Он сжал руки, словно стараясь удержать их от еще одной попытки схватить эльфийку. В груди у Нериэль что-то затрепетало, как бывало всякий раз, когда воин бросал браваду и говорил о том, что его действительно волнует: как больно и стыдно было покидать Лотеринг, как он сожалеет о ссоре с эрлом Эамоном, как хочет увидеть сестру… Она все-таки посмотрела воину в глаза, и оба Стража замерли, словно вместе попали в конус холода. Не двинуться, не разорвать линии взгляда.
— Я… привязался к тебе. Очень. Я ни к кому еще ничего подобного не чувствовал, — медленно, будто через силу выговорил Алистер. И добавил так тихо, что слова не родились, но Нериэль прочла по губам: — Я люблю тебя.

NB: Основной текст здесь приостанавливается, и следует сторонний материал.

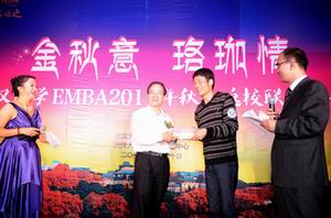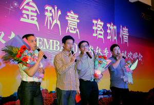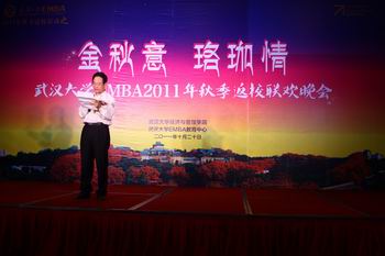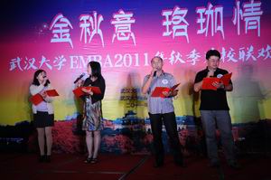 EMBA2011年秋季返校联欢晚会在武汉光谷金盾大酒店举行,参加此次宴会的班级有EMBA2009级昆明班、2010级武汉2班、2011级2班、2011级3班。一楼一凤

Алистер медленно — так медленно, что девушка десять раз успела бы увернуться, — накрыл ее ладонь своей. Осторожно погладил мозолистыми от меча пальцами. Нериэль брала за руку Лелиана, мог похлопать по плечу учитель Ирвинг, да и сам Алистер прежде, бывало, приобнимал боевую подругу. Но сейчас от его несмелой нежности по коже побежали мурашки. Хотелось заплакать. Алистер, я не могу! Ты лучший, кого я знаю, ты, наверное, даже лучше Дункана… Отдай свою любовь кому-нибудь, кто ее стоит, кому-нибудь живому… И тут же, словно кто-то со стороны подсказал ответ, Нериэль отчетливо вспомнила мысли, посещавшие ее в сумраке Орзаммара. Тебя могут убить в бою, но пока ты жива. Дункан погиб, а ты жива. И тридцать лет — это довольно долго. Она молчала.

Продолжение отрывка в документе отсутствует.